Whenever you execute a trade in the Forex market is called an “order”. There are different order types, and they can vary between brokers. All brokers provide some basic order types, other special order types are not offered by all brokers though, and we cover them all below.
Types of Order in Forex Trading
1. Market Order
A Market order is an order that is placed on the market, and it is executed instantly at the best available price.
2. Limit Entry Order
A limit entry order is placed to either buy below the current market price or sell above the current market price. It is a bit tricky to understand at first so let us take the example:
If the EURUSD is currently trading at 1.3500 and you want to sell the market if it reaches 1.3550, you can place a limit sell order and then when / if the market touches 1.3550 it will fill you shortly. Thus, the limit sell order is placed above the current market price. If you want to buy the EURUSD at 1.3350 and the market is trading at 1.3400, you would place your limit buy order at 1.3250 and then if the market hits that level it will fill you long. Thus the limit buy order placed below the current market price.
3. Stop Entry order
A stop entry order is placed to buy above the current market price or sell below it.
Example: If you want to trade long, but you want to enter on a breakout of a resistance area, you place the buy stop just above the resistance, and you would get filled as price moves up into your entry order. The opposite holds true for a sell stop entry if you want to sell the market.
4. Stop Loss order
A stop-loss order is an order that is connected to trade for the purpose of preventing further losses if the price moves beyond the level that you specify. The stop-loss is probably the most important order in Forex trading since it gives you the ability to control the risk and limit losses. The order remains in effect until the position is modified or cancels the stop-loss order.
5. Trailing Stop
The trailing stop-loss order is an order that is connected to trade like the standard stop-loss, but the trailing stop-loss moves or ‘trails’ the current market price as your trade moves in your favour. You can set your trailing stop-loss to trail at a certain distance from current market price, and it will not start moving until or unless the price moves greater than the distance you specify.

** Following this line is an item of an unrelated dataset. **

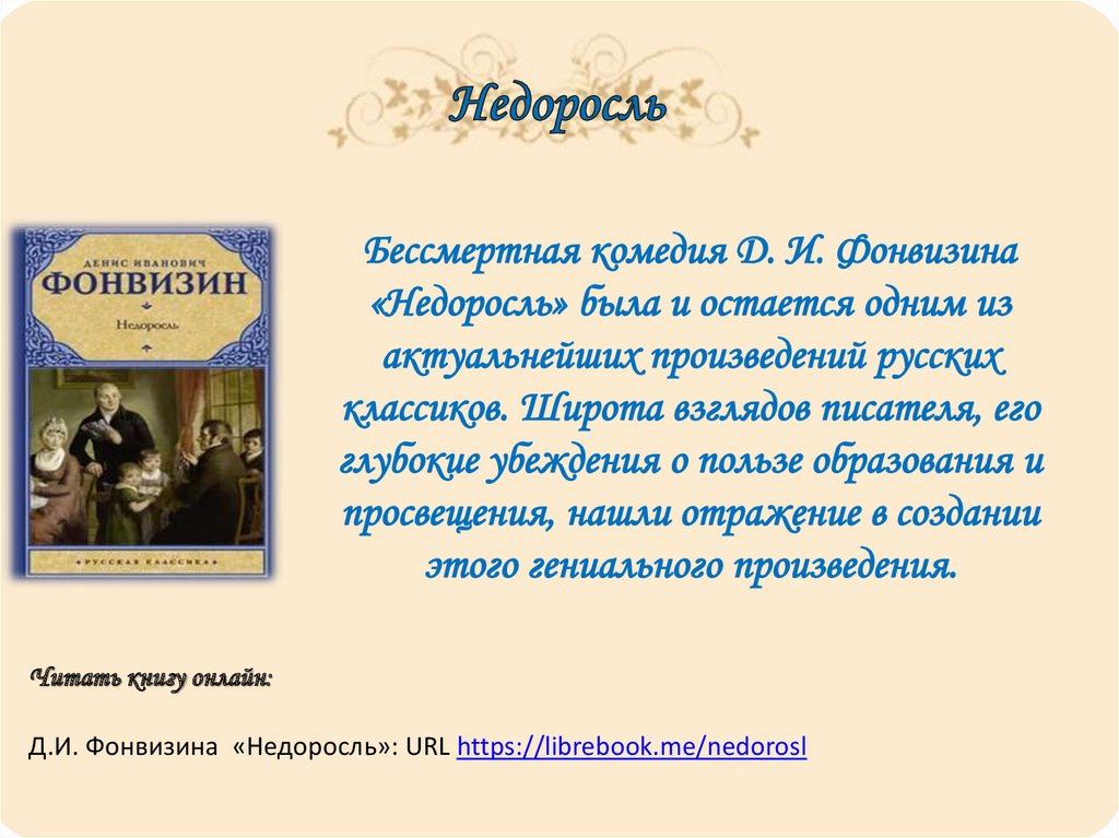 Читать книгу онлайн:Д.И. Фонвизина «Недоросль»: URL https://librebook.me/nedorosl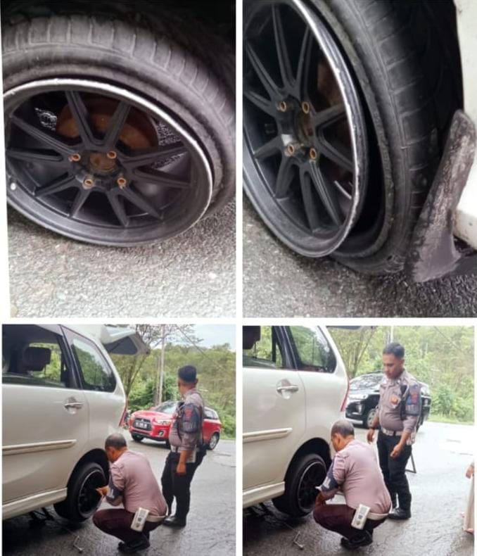 Kedua anggota tersebut adalah Aiptu Sutrisno dan Aiptu Feibel Sihaloho yang dikenal aktif dan berdedikasi dalam menjalankan tugas di jajaran Satlantas. Tanpa ragu, mereka langsung membantu proses penggantian ban di lokasi yang cukup rawan karena berada di posisi tanjakan.

6. Good Till Cancelled Order (GTC)
It is Good until you cancelled the order. If you place a GTC order, it will not expire until you cancel it. Be careful with these because you don’t want to set a GTC and then forget about it simply to have the market fill you a month later in a potentially unfavorable position.
7. Good for the Day Order (GFD)
Good for the day order remains active in the market until the end of the day in Forex trading. The exact time a GFD expires might vary from the broker to broker, so always check with your broker.